Solved – Stepwise versus L2 regularized logistic regression: dataset-specific performance

feature selectionlogisticridge regressionstepwise regression

I have two data sets from different collections. The second data set is smaller. They were both analyzed with the same methods in order to derive feature sets of 10-30 features each. Each feature set was produced the same way for both data sets.

Then, I run many Logistic Regressions to fit both data sets with all feature sets. Additionally, all of the experiments were repeated with both L2 regularized and Stepwise Logistic Regression. The observation is that the best fitting for the first data set was done with Stepwise Logistic Regression, while for the second one was done with L2 regularized Logistic Regression. This is quite consistent, i.e. for all 15 experiments on each dataset.

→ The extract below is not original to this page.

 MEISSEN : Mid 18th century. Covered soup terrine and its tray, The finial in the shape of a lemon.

Why did each method perform better on either data-set? May this have to do with particular characteristics of each data-set?

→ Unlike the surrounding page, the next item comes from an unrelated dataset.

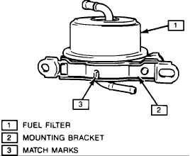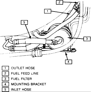 6. Remove fuel filter, mounting bracket, and outlet hose as an assembly from the vehicle.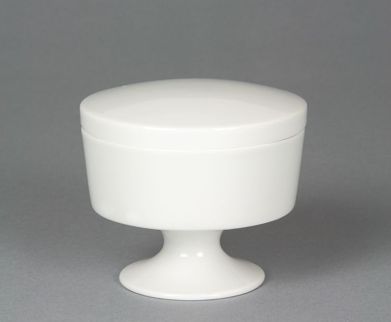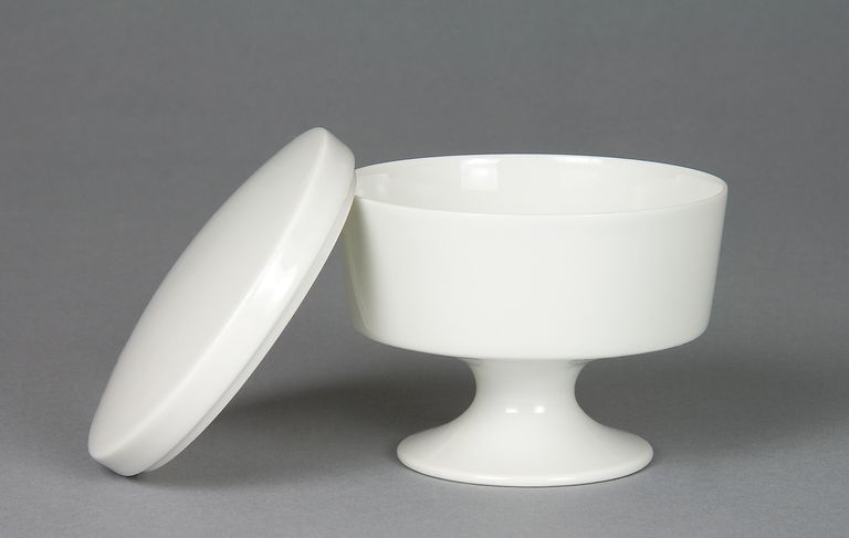 Zuccheriera in porcellana bianca per servizio da té, a corpo cilindrico, su piede, con coperchio.

For example, I know that L2 deals better with multicollinearity and lower ratio of observations/variables. Can I assume that L2 performed better on 2nd data set because it had multicollinearity? Then, L2 does not zero out any coefficients, which Stepwise in fact does. Can I say that Stepwise did better on 1st data set because it may have had some too noisy features that needed to be zeroed out?

Best Answer

What you observed follows from statistical theory and is completely expected. And "best fitting on the first dataset" is a by-product of overfitting and is not really interesting.

Why the need to reduce the number of features to 10-30? Why is parsimony good? Why not just fit an L2 penalized model with all features?